### What the task requires
Return each line exactly, beginning with the one that has "Camo shoulder bag" and finishing with the final line of the material. Drop any pictures.

▶

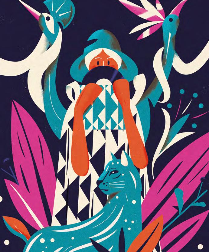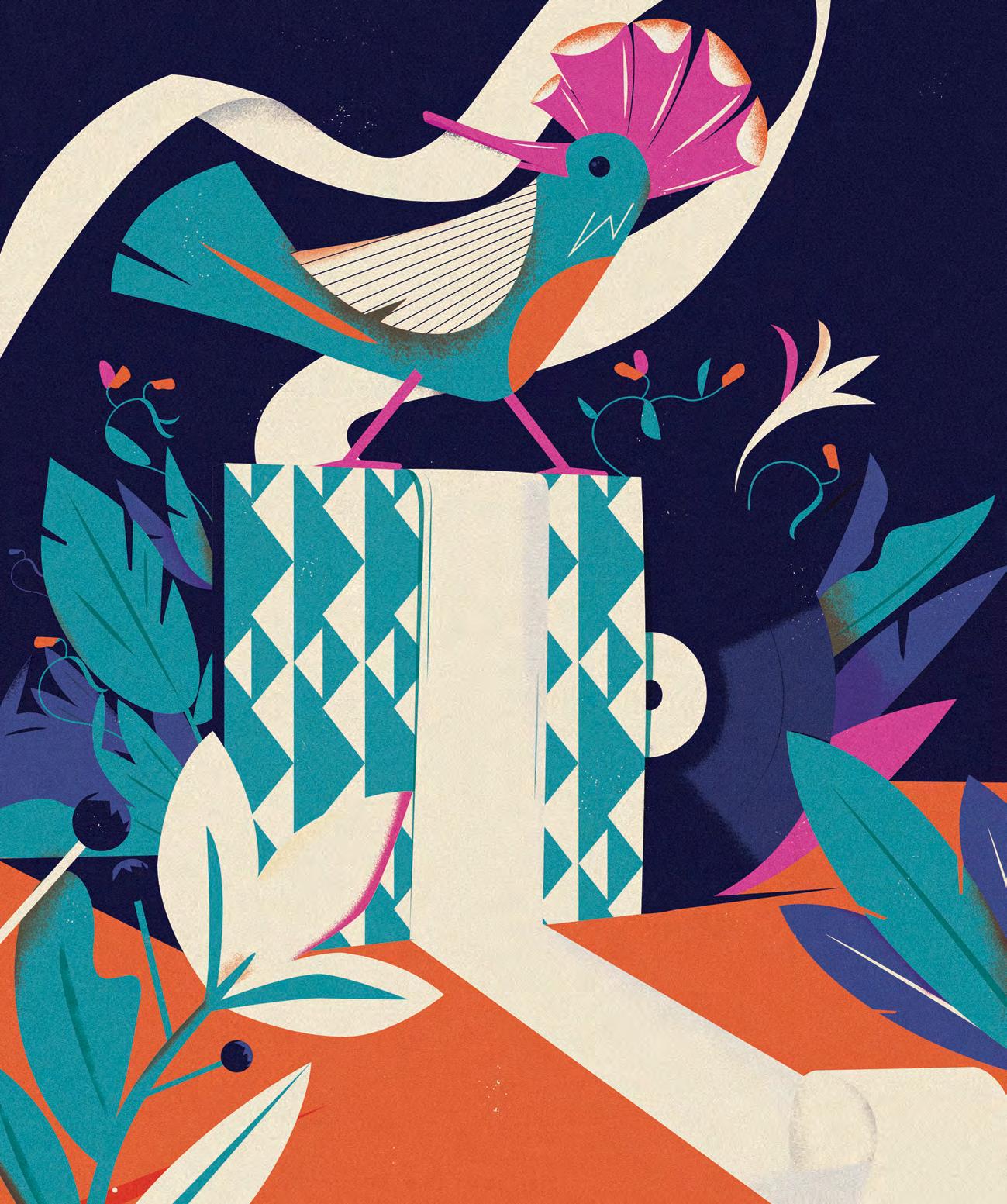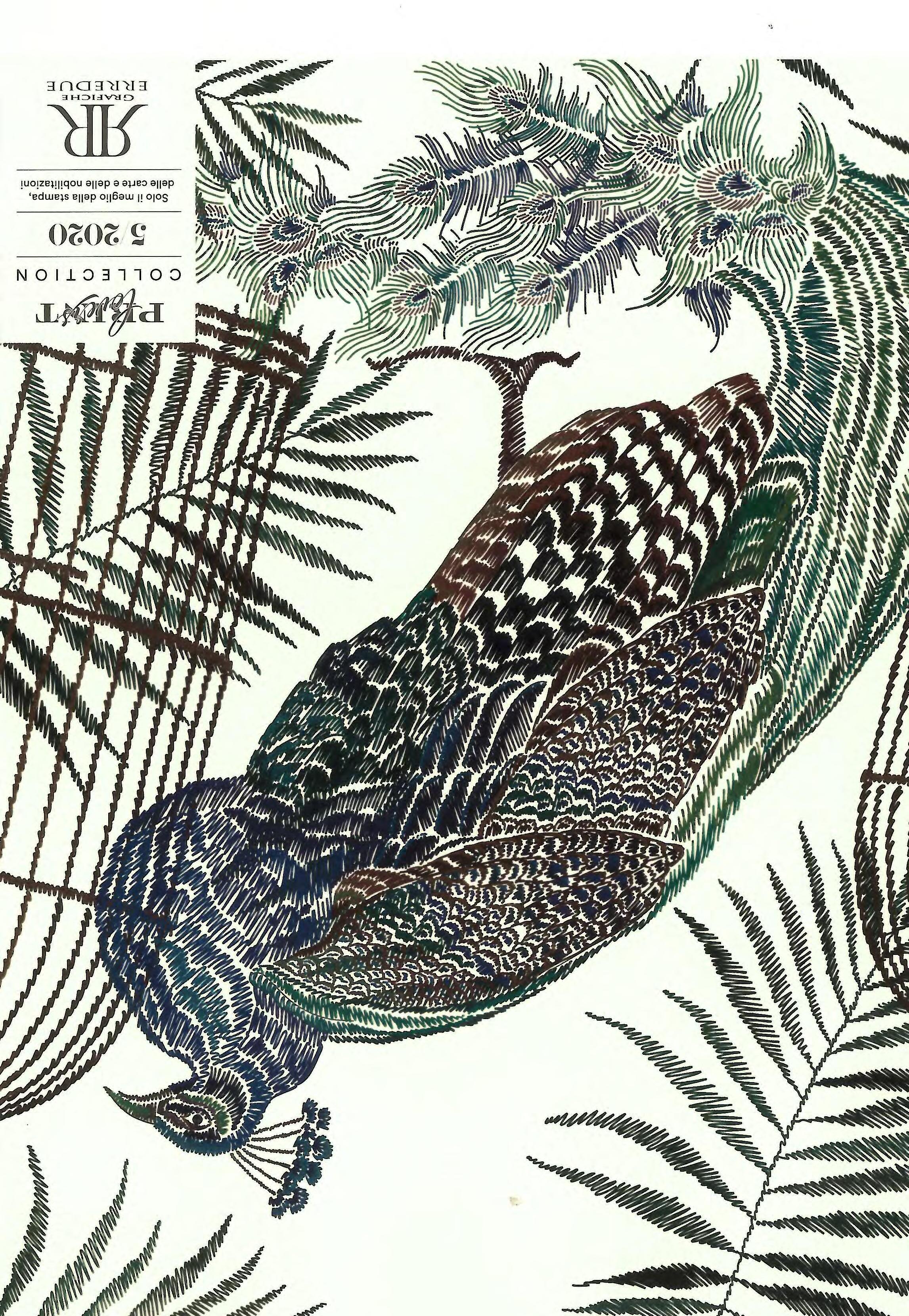Cappello, piume, fiori, i dettagli sul ghepardo e i triangoli blu presentano tutti un aspetto traslucido, come se si potesse guardare attraverso. L’effetto raffinato di semitrasparenza è stato ottenuto con la stampa a caldo del LUMAFIN 799 CLEAR, della nuova linea Lumafin di Luxoro. Altri dettagli come i becchi degli uccelli, i fiori e le strisce sul ghepardo invece risplendono grazie al LUXOR® 108137 AMORPHOUS BLUE, un tono di blu metallizzato che dona freschezza e modernità. I cliché per la stampa a caldo sono di hinderer+mühlich.
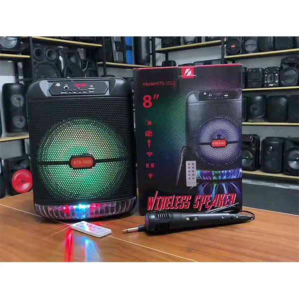 کی تی اس 1522 را میتوان یکی از کاربردی ترین و در عین حال قوی ترین اسپیکر های قابل حمل در اندازه ی متوسط قلمداد کرد. این اسپیکر با قدرت 8 اینچی خود و رقص نور دو گانه جذابیت خاصی را در حین پخش موسیقی در فضاهای کوچک و بزرگ به ارمغان می آورد. با اتصال میکروفون همراه در جعبه ی این محصول میتوانید لحظات به یاد ماندنی را برای خود و اطرافیانتان خلق کنید.
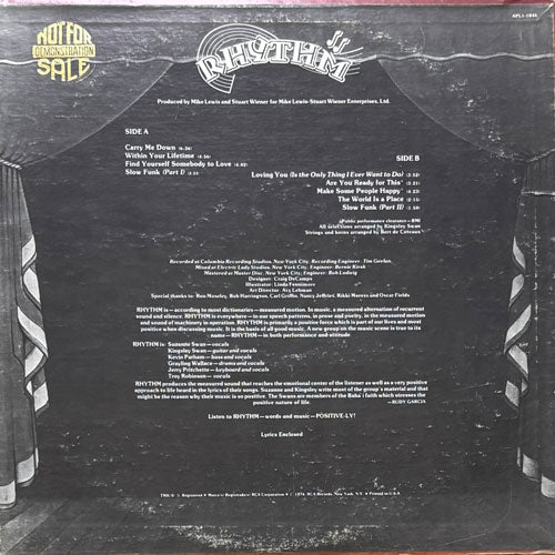 ギターのKINGSLEY、ヴォーカルのSUZANNEのSWAN夫妻を中心にボストンで結成されたファンクバンドRHYTHM唯一のアルバム。J. COLE“Sideline Story”、CRU featuring SLICK RICK“Just Another Case”、CONSEQUENCE“Disperse”、PLAYBOI CARTI featuring DA$H & MAXO KREAM“Fetti”、NIPSEY HUSSLE“Status Symbol”などのネタに使われた“THE WORLD IS A PLACE”が有名ですが、重厚なブギーファンク“ARE YOU READY FOR THIS”、メロウなミディアム“FIND YOURSELF SOMEBODY TO LOVE”、爽快なメロウファンク“CARRY ME DOWN”など、他の曲も素晴らしいです!
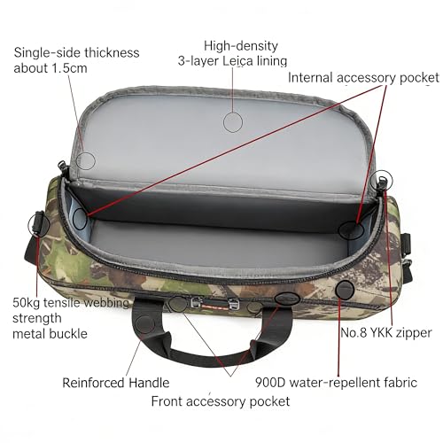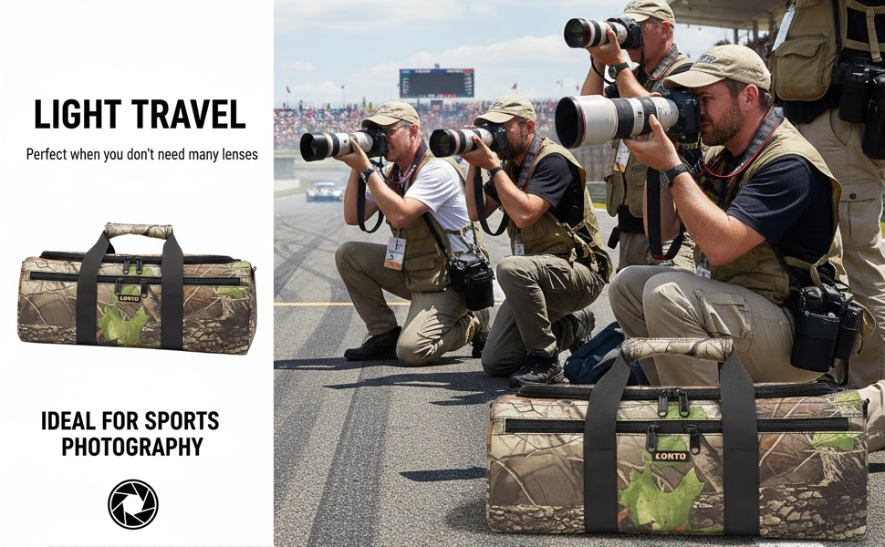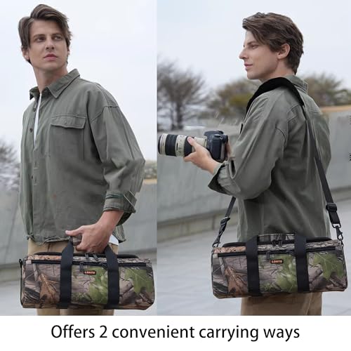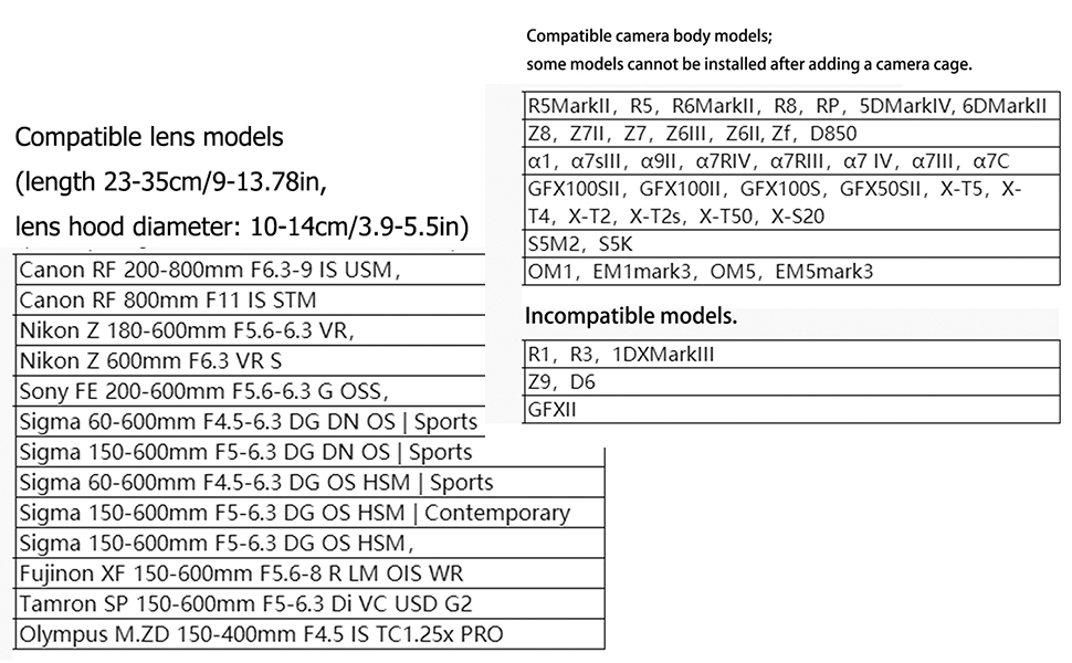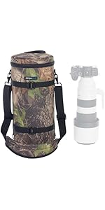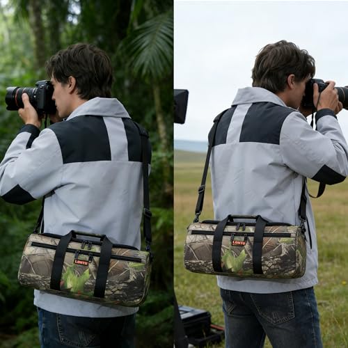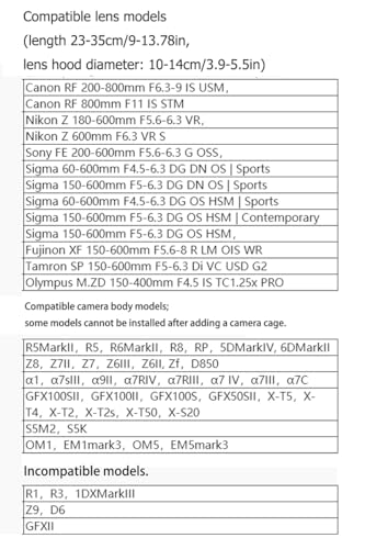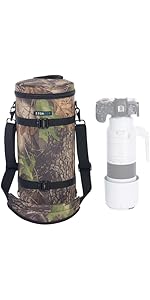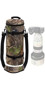 Camo shoulder bag compatible with multiple lens models: Suitable for lenses with a length of 23-35cm/9-13.78in and a lens hood diameter of 10-14cm/3.9-5.5in. For example: for Nikon Z 600 F6.3, for Sigma 150-600/60-600, for Fujinon XF 150-600, for Olympus 150-400 F4.5. Suitable camera bodies: for Canon R5 Mark II/R6 Mark II/R5, for Nikon Z8/Z7/Z6, for Sony A9/A7, etc. Please note that this bag is not compatible with some models when a camera cage is attached.
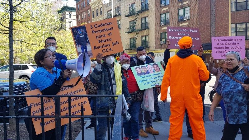 Un grupo de manifestantes hondureños sostiene pancartas y grita consignas contra el expresidente hondureño Juan Orlando Hernández, acusado de narcotráfico, durante una protesta hoy martes, en la puerta de un tribunal federal en Nueva York. EFE/Jorge Fuentelsaz
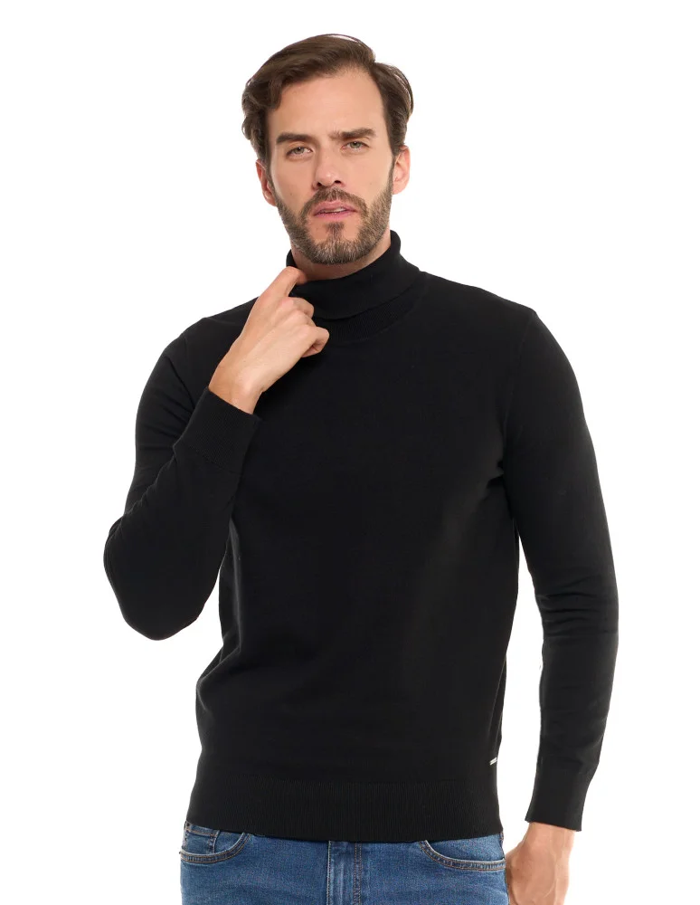 Męski sweter klasyczny z golfem bawełniany CZARNY
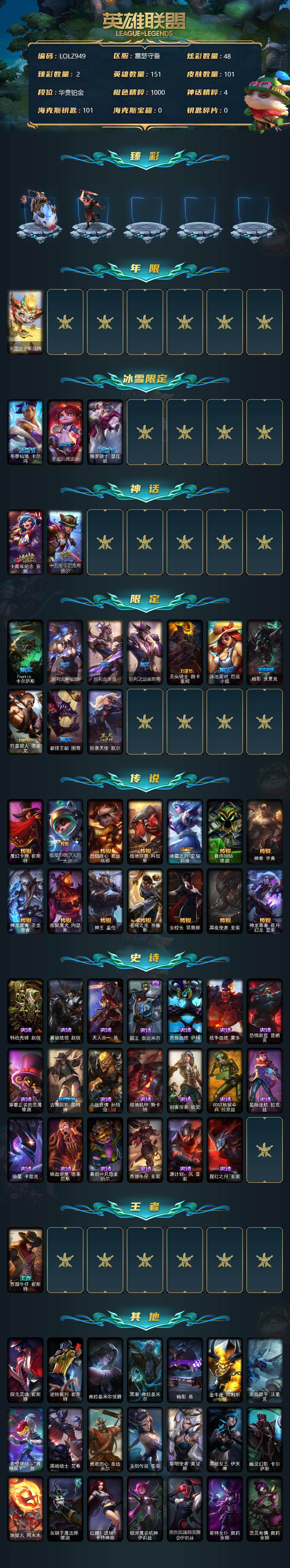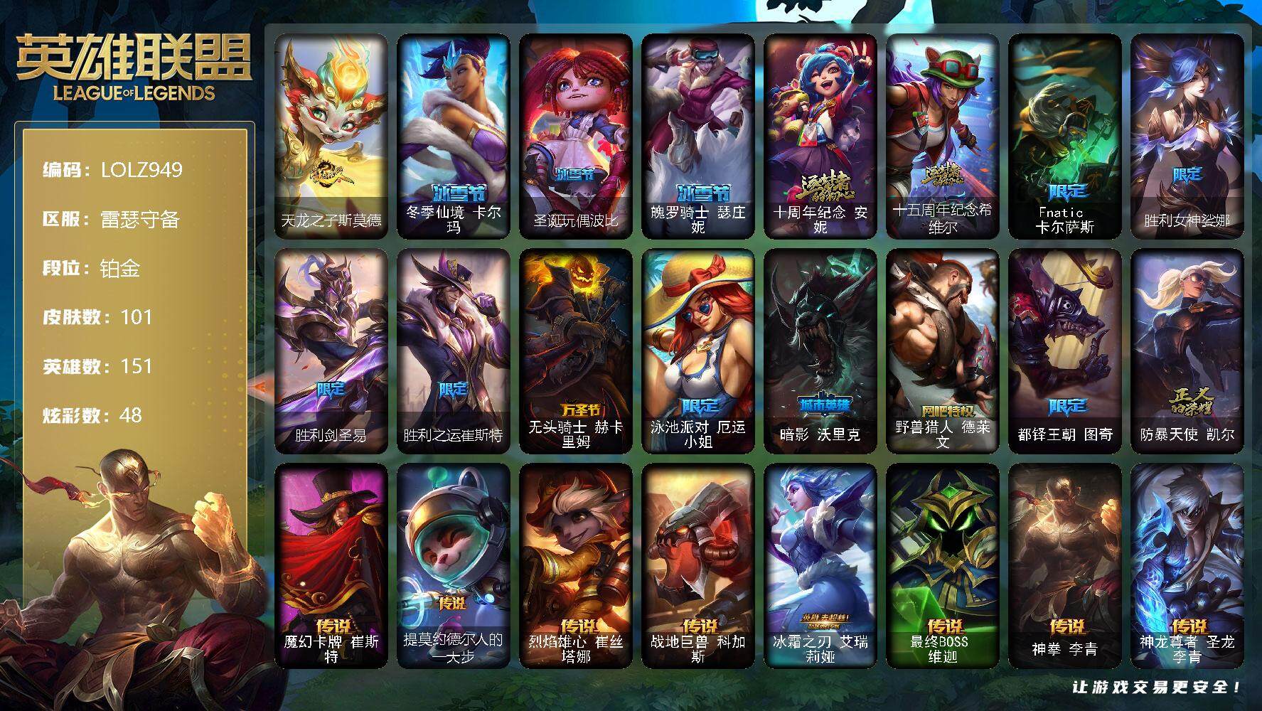 【11060691】【LOLZ949】151英雄/101皮肤/2神话/14限定/2臻彩/48炫彩/14传说/20史诗/铂金/无畏骑士瑟庄妮赤子初心/灰烬守护者慎余烬觉醒/天龙之子斯莫德/冬季仙境卡尔玛/圣诞玩偶波比/魄罗骑士瑟庄妮/十周年纪念安妮/十五周年纪念希维尔/Fnatic卡尔萨斯/胜利女神娑娜/胜利剑圣易/胜利之运崔斯特/无头骑士赫卡里姆/泳池派对厄运小姐/暗影妖狐阿狸/野兽猎人德莱文/
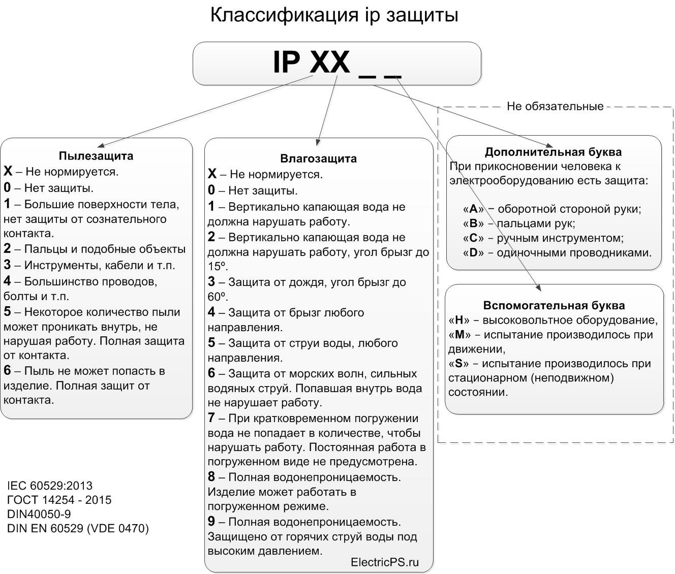 Для того чтобы стало понятней, что конкретно обозначает, каждая степень защиты в стандарте IP, дадим подробную расшифровку.
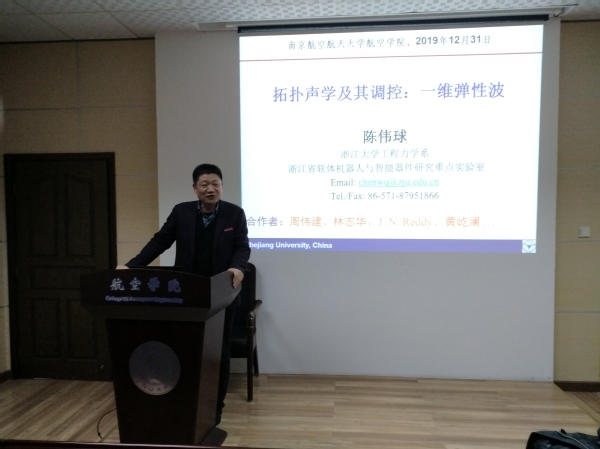 应我校英国上市公司365机械结构力学及控制国家重点实验室高存法教授邀请,浙江大学航空航天学院工程力学系、长江学者、国家杰青陈伟球教授于2019年12月30日至31日访问我校,并于12月31日为我校师生做了题为“拓扑声学及其调控:一维弹性波”的学术报告。
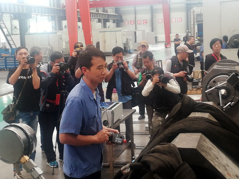 當天下午,50多名攝影愛好者一進入星火機床公司工業(yè)園裝配現場,便四處散開,各自尋找自己的拍攝對象。長槍短炮一齊上陣,記錄他們認為有價值的瞬間,攝影愛好者喜歡以藝術攝影的視角觀察日常工作生活,特別喜歡通過圓孔、圓洞等表現拍攝對象。在數控精密分廠現場,他們?yōu)榱送ㄟ^管子車主軸孔拍攝,幾十人排隊等候,現場一名員工為他們做了近30分鐘的“模特”,配合他們工作。同時,有許多攝影愛好甚至通過龍門吊的吊鉤、零件吊環(huán)進行拍攝,力求以獨特的視角,反映現實生活、反映星火風采。
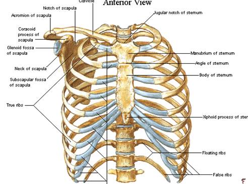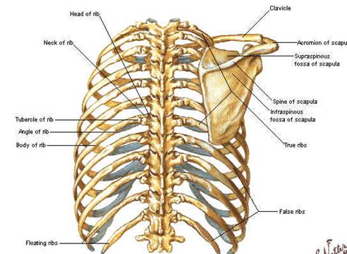 coaste, in numar de 12 perechi, din care primele 10 perechi se unesc cu sternul, ultimele doua perechi sunt "coaste flotante".

◀

### Solution to this task
 Camo shoulder bag compatible with multiple lens models: Suitable for lenses with a length of 23-35cm/9-13.78in and a lens hood diameter of 10-14cm/3.9-5.5in. For example: for Nikon Z 600 F6.3, for Sigma 150-600/60-600, for Fujinon XF 150-600, for Olympus 150-400 F4.5. Suitable camera bodies: for Canon R5 Mark II/R6 Mark II/R5, for Nikon Z8/Z7/Z6, for Sony A9/A7, etc. Please note that this bag is not compatible with some models when a camera cage is attached.
 Un grupo de manifestantes hondureños sostiene pancartas y grita consignas contra el expresidente hondureño Juan Orlando Hernández, acusado de narcotráfico, durante una protesta hoy martes, en la puerta de un tribunal federal en Nueva York. EFE/Jorge Fuentelsaz
 Męski sweter klasyczny z golfem bawełniany CZARNY
 【11060691】【LOLZ949】151英雄/101皮肤/2神话/14限定/2臻彩/48炫彩/14传说/20史诗/铂金/无畏骑士瑟庄妮赤子初心/灰烬守护者慎余烬觉醒/天龙之子斯莫德/冬季仙境卡尔玛/圣诞玩偶波比/魄罗骑士瑟庄妮/十周年纪念安妮/十五周年纪念希维尔/Fnatic卡尔萨斯/胜利女神娑娜/胜利剑圣易/胜利之运崔斯特/无头骑士赫卡里姆/泳池派对厄运小姐/暗影妖狐阿狸/野兽猎人德莱文/
 Для того чтобы стало понятней, что конкретно обозначает, каждая степень защиты в стандарте IP, дадим подробную расшифровку.
 应我校英国上市公司365机械结构力学及控制国家重点实验室高存法教授邀请,浙江大学航空航天学院工程力学系、长江学者、国家杰青陈伟球教授于2019年12月30日至31日访问我校,并于12月31日为我校师生做了题为“拓扑声学及其调控:一维弹性波”的学术报告。
 當天下午,50多名攝影愛好者一進入星火機床公司工業(yè)園裝配現場,便四處散開,各自尋找自己的拍攝對象。長槍短炮一齊上陣,記錄他們認為有價值的瞬間,攝影愛好者喜歡以藝術攝影的視角觀察日常工作生活,特別喜歡通過圓孔、圓洞等表現拍攝對象。在數控精密分廠現場,他們?yōu)榱送ㄟ^管子車主軸孔拍攝,幾十人排隊等候,現場一名員工為他們做了近30分鐘的“模特”,配合他們工作。同時,有許多攝影愛好甚至通過龍門吊的吊鉤、零件吊環(huán)進行拍攝,力求以獨特的視角,反映現實生活、反映星火風采。
 coaste, in numar de 12 perechi, din care primele 10 perechi se unesc cu sternul, ultimele doua perechi sunt "coaste flotante".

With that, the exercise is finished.